By the time it was over on Friday, the KU fans in the crowd at the Sprint Center had chanted Ellis’ name at least two different times. He spun and he dribbled and he pushed back and he dunked. Before Friday, he had dunked twice all season. Against Iowa State, he dunked three times.

Ellis scored 23 points and missed just two shots. It was a perfect performance, or at least as close to perfect as you can be in a hectic college basketball game this time of year. TV kept him on the court after the handshakes. His name made it around the world on social media. He waved to the crowd and smiled as he ran off the court.

“It was just my turn,” he would say.

If this is the new Ellis, then this is a new Kansas team. A much better one. The talent has always been there. One of the facts of KU basketball is a big margin for error.

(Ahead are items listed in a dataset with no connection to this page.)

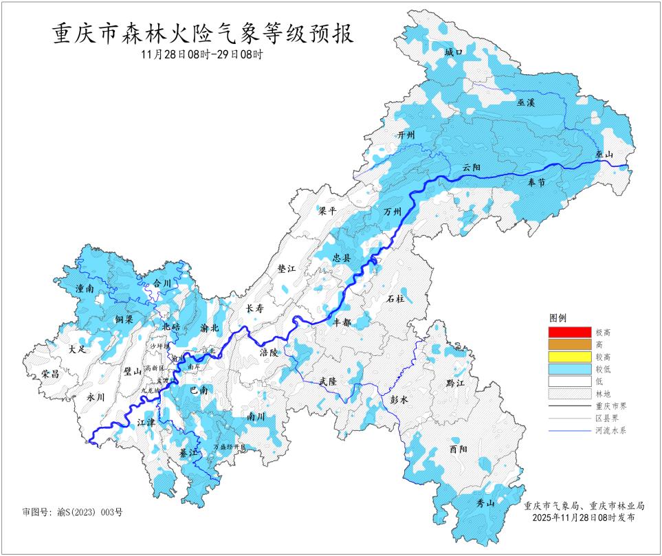 据重庆市气象台11月28日8时预报,未来24小时,我市万州、黔江、涪陵、大渡口、江北、沙坪坝、九龙坡、南岸、北碚、渝北、巴南、长寿、江津、合川、永川、南川、綦江、大足、璧山、铜梁、潼南、荣昌、开州、梁平、武隆、城口、丰都、垫江、忠县、云阳、奉节、巫山、巫溪、石柱、秀山、酉阳、彭水、万盛经开区、两江新区、重庆高新区等40个区县部分地区部分地区森林火险气象等级为二级(较低危险),其余地区森林火险气象等级为一级(低危险)。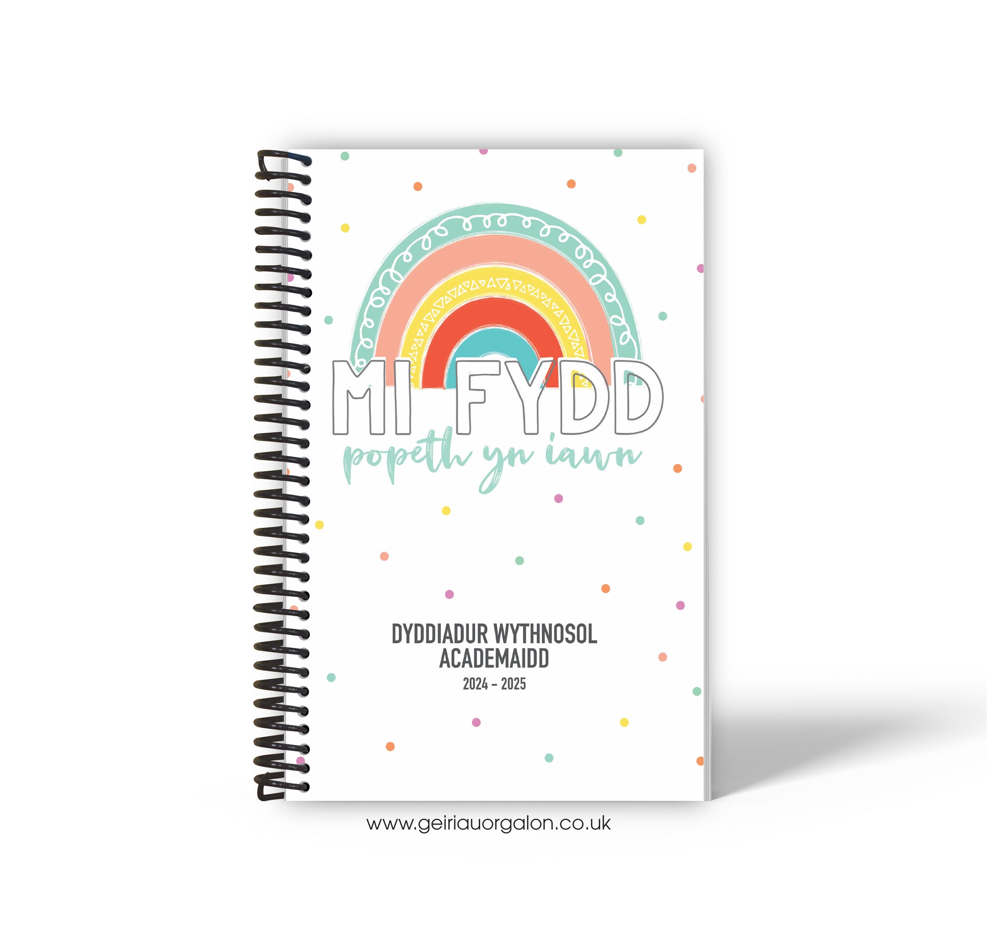 Our quality A4 spiralbound Welsh Weekly Academic Diaries come with a variety of patterned front covers (NOT PERSONALISED). This isn’t just an academic diary – it’s a diary and notebook in one, thoughtfully divided into Autumn, Spring, and Summer terms with everything you need for your term organized in sections.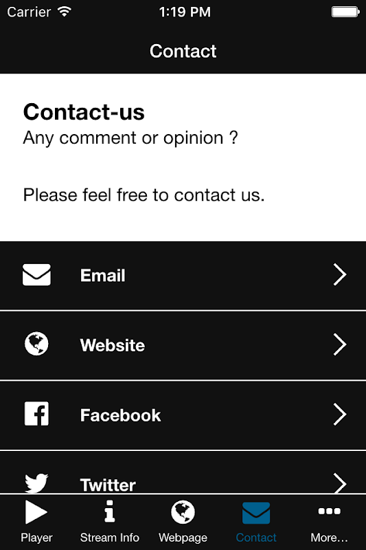 There is a player for each stream, with track and artist details from Last.fm, Facebook and Twitter integrations to the station, "Stream info" page with map of listeners. Artist biography for each stream and every track played. Links to the website.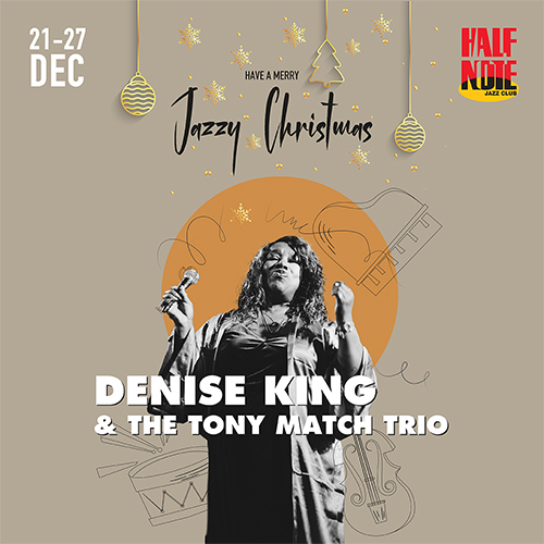 Από 21 έως και 27 Δεκεμβρίου, η σπουδαία Denise King συνοδευόμενη από το εξαιρετικό τρίο του παλιού της συνεργάτη Tony Match, έρχεται να μας μαγέψει στη σκηνή του Half Note και να απογειώσει την feelgood διάθεση με περισσή ενέργεια.….Have yourself a Merry Jazzy Christmas, let your heart be light, next year all our troubles, will be out of sight!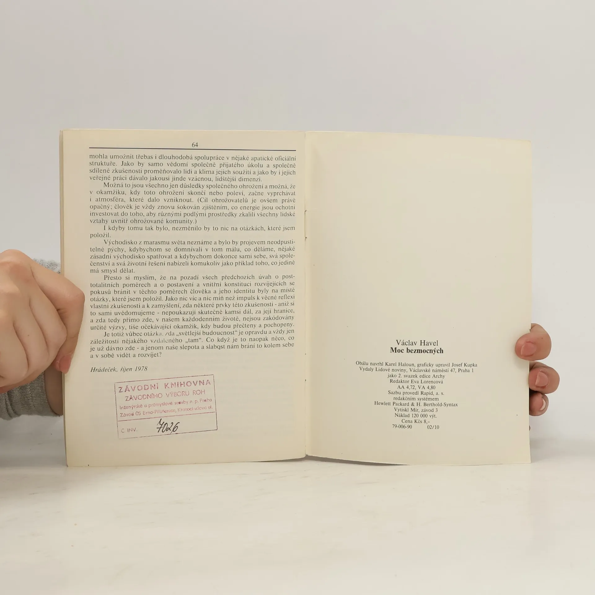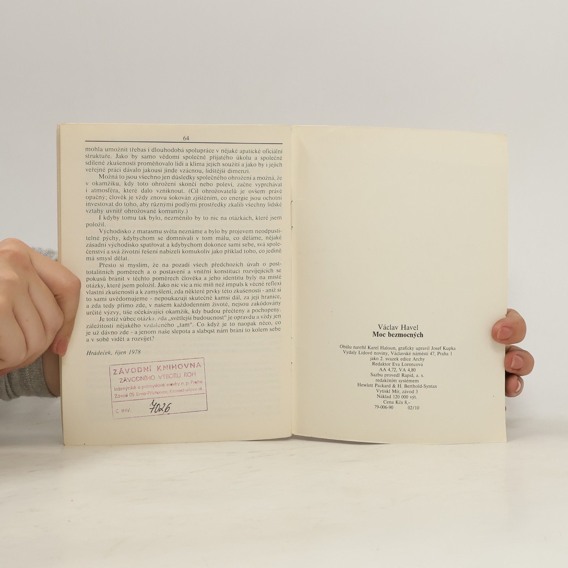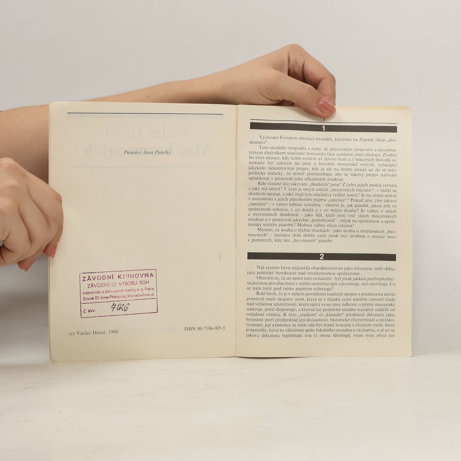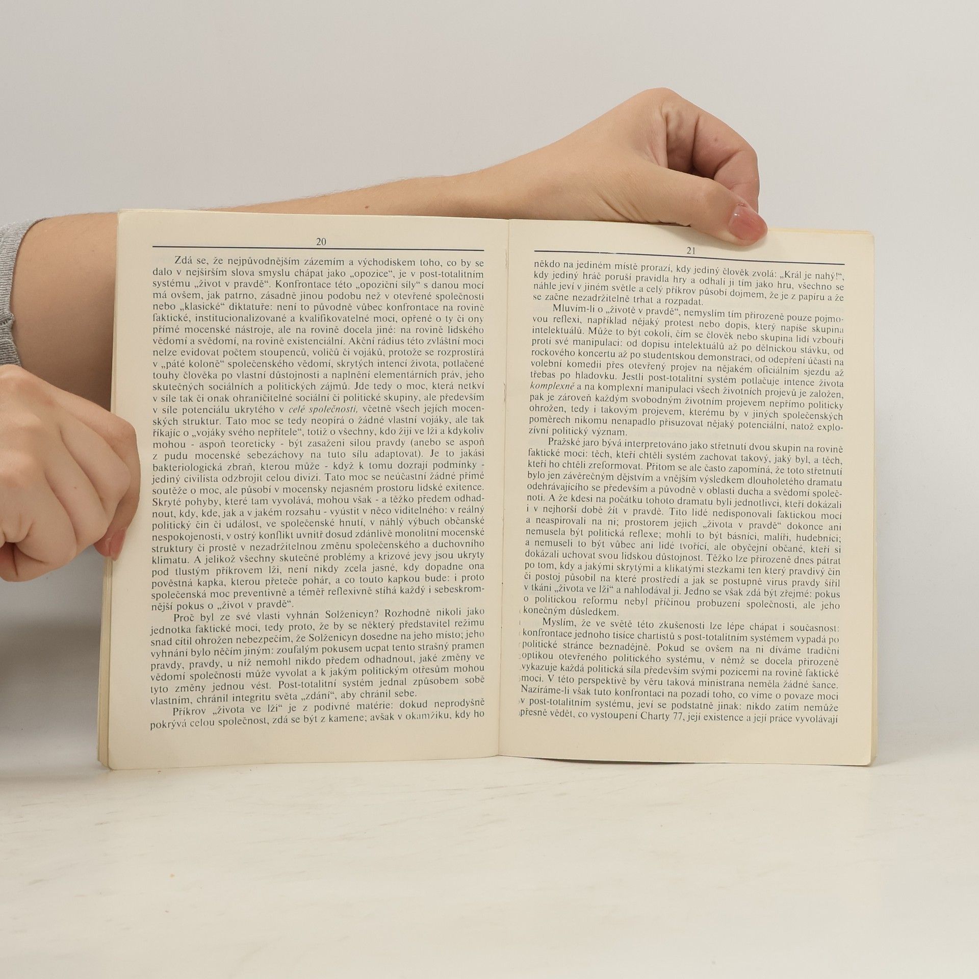 Esej bývalého českého prezidenta, spisovatele a dramatika Václava Havla, poprvé vydaná roku 1989 nakladatelstvím Host. Havel v ní popisuje fenomén disidentství v post-totalitních režimech. Pojmenovává ho "moc bezmocných", což naznačuje úsilí disidentů konat společenská a politická rozhodnutí, ale nezakládat přitom svou moc na instituci státu. Autor také poukazuje na působení ideologie skrze obyčejný lid, který se následně nevědomky stává nástrojem k opakovaném uplatňování a utvrzování totalitní moci. Esej je věnovaná filosofu Janu Patočkovi, na kterého Havel odkazuje návrhem vlastního politického programu, který nazývá "ivot v pravdě". Mimo něj Havel odkazuje i na řadu dalších filosofů, např. Heideggera, a rozebírá mnoho socio-politických konceptů. Podnětná esej od jednoho z nejvýraznějších českých intelektuálů, která si zaslouží pozornost i dnes.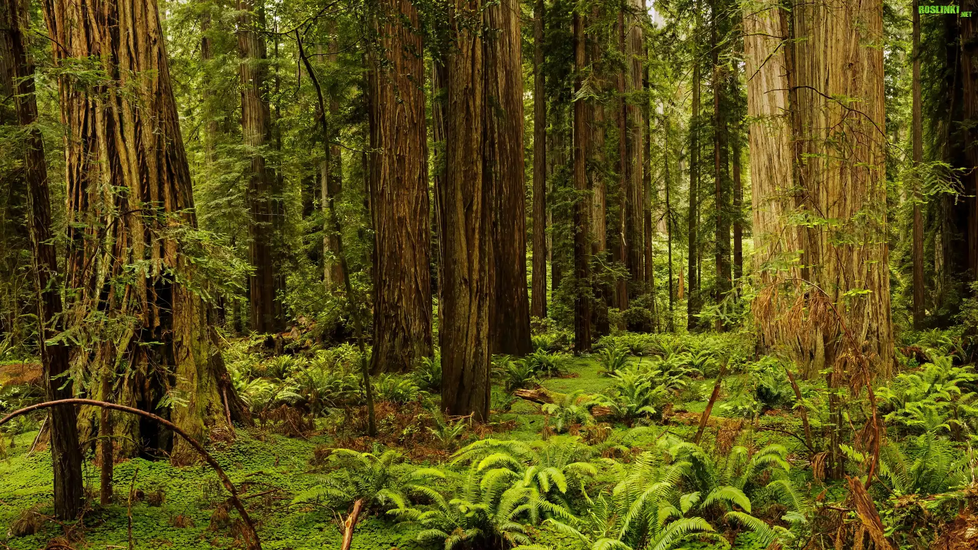 Rośliny: Stany Zjednoczone, Stan Kalifornia, Park Narodowy Redwood, Drzewa, Sekwoje, Paprocie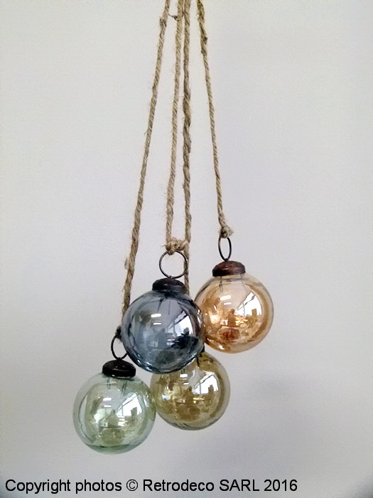 Coup de coeur pour cette grappe de 4 petites boules de noël en verre de couleurs différentes patine lustré de chez Madam Stoltz. On aime son lien en grosse ficelle de chanvre qui lui donne tout son caractère authentique. Cette grappe de boules de Noël accessoirisera parfaitement votre déco de fêtes de fin d’année. Dimensions avec le lien : Hateur (37cm) – Dimensions boule : Diam (5cm).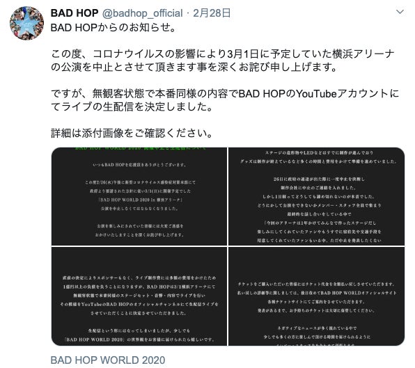 先日私たちは、3/1 横浜アリーナにて開催を予定しておりました「BAD HOP WORLD 2020」を昨今の情勢を考慮した結果止むを得ず公演を中止することにしました。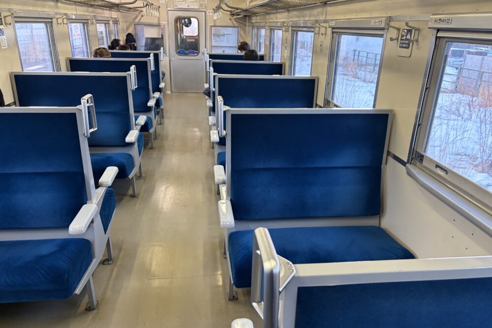 函館港に6:10到着後、徒歩で七重浜駅へ。ゆっくり歩いても発車10分前には到着。6:44発の「道南いさりび鉄道」に乗車。懐かしい青いボックスシートに、弾む旅心。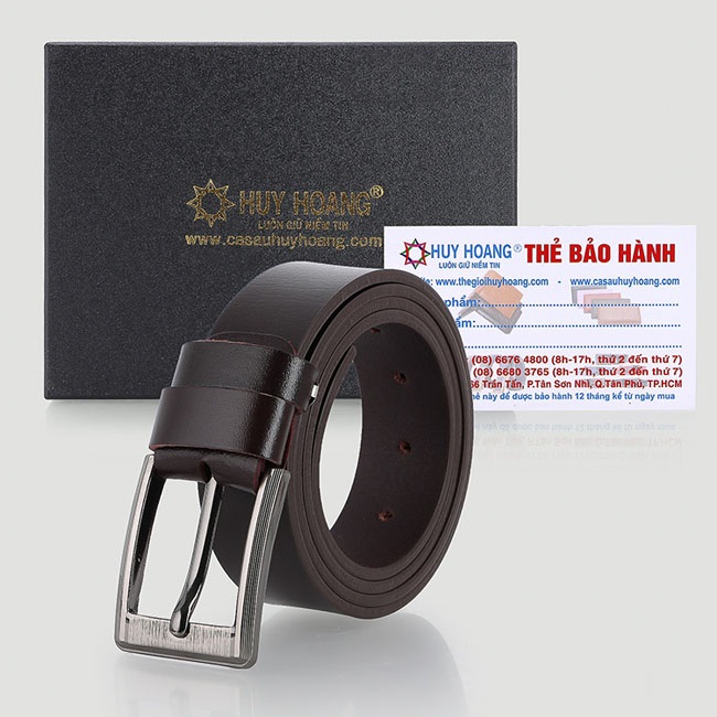 Dây nịt/Thắt lưng nam da bò Huy Hoàng 3,5P bát gài màu nâu 4148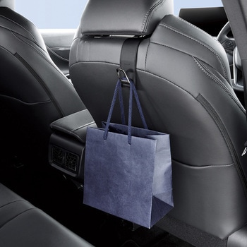 上質レザー調生地×ブラックメッキで質感も良く使いやすいフックです。幅広のバッグの取っ手でも引っ掛けやすい幅広L字フック形状です。ハンドバッグや買い物袋等の荷崩れを防止するのに便利なフックです。ヘッドレストのポールにそのまま引っ掛けるだけの簡単装着です。ポール型Φ12~14mmのポールタイプヘッドレストに対応します。耐荷重:3kg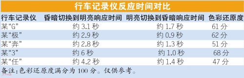 此次測試,車天下君準(zhǔn)備一個“黑盒子”,里面放置一個屏幕常亮的智能手機(jī)。在“黑盒子”外面,放置另外一個屏幕常亮的智能手機(jī)。切換時間控制在0.3秒之內(nèi),分為“明到暗”和“暗到明”兩個環(huán)節(jié),記錄行車記錄儀場景切換時的響應(yīng)時間。由測試結(jié)果一覽表可以看到,參與測試5個型號的行車記錄儀的響應(yīng)時間都不盡相同:短則1秒,長則6秒。車天下君歸納如下,質(zhì)量合格的行車記錄儀從昏暗切換到明亮環(huán)境的響應(yīng)時間應(yīng)在3~4秒之間,從明亮切換到昏暗環(huán)境當(dāng)中的響應(yīng)時間應(yīng)該在1~2秒之內(nèi)。

Most places can’t live with a five-star recruit scoring five points a game on 42 percent shooting.

At Kansas, they win a ninth consecutive conference title that way and wait for him to grow into an All-America-level talent.

Not that they haven’t been pushing Ellis. If you watch KU practice, you won’t wait long to hear someone tell Ellis to go harder. It’s not that he was ever passive, really, just unsure. He became a blue-chip recruit because he was too big for smaller players to guard him and too skilled for the bigger ones.

That tentativeness made him too small to play against bigger players and too slow for the smaller ones.

Talent has never been the problem with Ellis. Even in his worst times — he made a total of one basket in five games over a three-week stretch in February — people in the KU program maintained he would be a terrific college player. They just didn’t know if it would be this year.

They didn’t know if he would be ready. They didn’t know if their pushing did any good.

“I tell him every day: ‘Dunk everything,’” senior Kevin Young says. “And it finally got to him.”

That’s oversimplifying things, of course. There are a thousand reasons Ellis played — by far — his best game at Kansas on Friday. Young hurt his calf and only played 10 minutes. Iowa State isn’t great defensively, and focused on McLemore and the perimeter. The Cyclones played behind Ellis, which allowed him to catch and attack. That’s always been a big part of his game.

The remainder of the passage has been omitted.